### WHAT IS NEEDED
Once the line holding "为进一步推动大中小学思政课一" is written out, stop; begin at the first line of the material below and retype exactly, dropping pictures.

### DATA EXTRACT

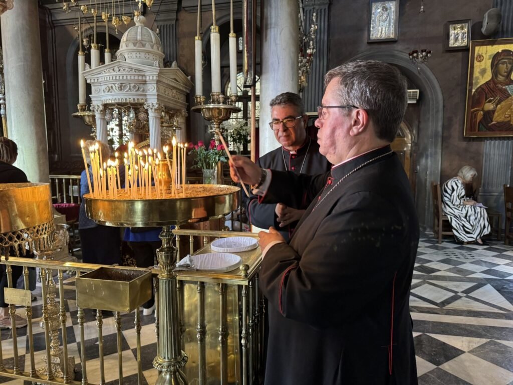 Η ζωή μας είναι ένα συνεχές προσκύνημα, ένα ταξίδι προς την επουράνια Πατρίδα. Στη διάρκεια της  πορείας συμβαίνουν πολλά, όχι πάντα καλά, μερικές φορές πέφτεις, αμφιβάλλεις, θυμώνεις. Στην πορεία μας φτάσαμε εδώ σήμερα, στο σπίτι της Παναγίας, για να λάβουμε τη μητρική της βοήθεια, να ακούσουμε την πρόσκλησή της: κάνετε ό,τι κι αν σας πει ο Υιός μου. Ο Ιησούς μας λέει: Ειρήνη μαζί σας! Είμαστε λοιπόν εδώ για να λάβουμε την ειρήνη του Κυρίου. Αλλά και εμείς είμαστε σταλμένοι, όπως οι Απόστολοι, να φέρουμε αυτή την ειρήνη στον κόσμο. Γνωρίζουμε καλά πόσο πολύ χρειάζεται ο κόσμος μας την ειρήνη. Όχι μόνο στην Ουκρανία, στους Αγίους Τόπους και σε άλλες χώρες. Όλοι εμείς χρειαζόμαστε την ειρήνη, στις καρδιές μας, στις οικογένειές μας, στην ελληνική μας κοινωνία. Στην προσκυνηματική μας πορεία ας φέρουμε μαζί μας την ειρήνη του Χριστού σε όλους.
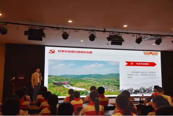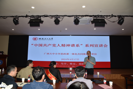 为进一步推动大中小学思政课一体化建设内涵式发展,开创思政育人新格局,4月17日,太阳成集团122ccvip在屏风校区国教园区二楼多功能厅开展广西大中小学思政课一体化共同体建设“中国共产党人精神谱系”系列宣讲会。学院副院长(主持工作)蒋晓俊、太阳成集团122ccvip附属小学校长韦仕强、全州红军长征湘江战役文化保护传承中心主任周运良、全国“劳动模范”桂林市公共交通集团有限公司驾驶员夏四初及广西大中小学思政课一体化共同体建设单位成员大中小学生200余人参会。宣讲活动由太阳成集团122ccvip团委书记张劲彪主持。
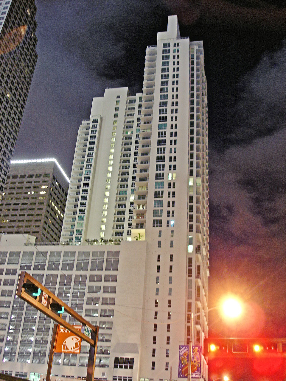 Photos of Miami-Dade County at night. Night photograpy is easy wiht today's automatic digital cameras. This was taken with an inexpensive Sony digital cameral from a a stoplight on Brickell Avenue. With a night camera setting, I was careful not to move my hand too much and there was enough light to get a decent shutter speed. The lines of the Plaza Condominium agains the cloudy black sky makes an interesting contrast. The second photo is of the Bank of America Tower (formerly the Centrust Tower) in Miami-Dade, Florida. |

### ANSWER SECTION
 Η ζωή μας είναι ένα συνεχές προσκύνημα, ένα ταξίδι προς την επουράνια Πατρίδα. Στη διάρκεια της  πορείας συμβαίνουν πολλά, όχι πάντα καλά, μερικές φορές πέφτεις, αμφιβάλλεις, θυμώνεις. Στην πορεία μας φτάσαμε εδώ σήμερα, στο σπίτι της Παναγίας, για να λάβουμε τη μητρική της βοήθεια, να ακούσουμε την πρόσκλησή της: κάνετε ό,τι κι αν σας πει ο Υιός μου. Ο Ιησούς μας λέει: Ειρήνη μαζί σας! Είμαστε λοιπόν εδώ για να λάβουμε την ειρήνη του Κυρίου. Αλλά και εμείς είμαστε σταλμένοι, όπως οι Απόστολοι, να φέρουμε αυτή την ειρήνη στον κόσμο. Γνωρίζουμε καλά πόσο πολύ χρειάζεται ο κόσμος μας την ειρήνη. Όχι μόνο στην Ουκρανία, στους Αγίους Τόπους και σε άλλες χώρες. Όλοι εμείς χρειαζόμαστε την ειρήνη, στις καρδιές μας, στις οικογένειές μας, στην ελληνική μας κοινωνία. Στην προσκυνηματική μας πορεία ας φέρουμε μαζί μας την ειρήνη του Χριστού σε όλους.
 为进一步推动大中小学思政课一体化建设内涵式发展,开创思政育人新格局,4月17日,太阳成集团122ccvip在屏风校区国教园区二楼多功能厅开展广西大中小学思政课一体化共同体建设“中国共产党人精神谱系”系列宣讲会。学院副院长(主持工作)蒋晓俊、太阳成集团122ccvip附属小学校长韦仕强、全州红军长征湘江战役文化保护传承中心主任周运良、全国“劳动模范”桂林市公共交通集团有限公司驾驶员夏四初及广西大中小学思政课一体化共同体建设单位成员大中小学生200余人参会。宣讲活动由太阳成集团122ccvip团委书记张劲彪主持。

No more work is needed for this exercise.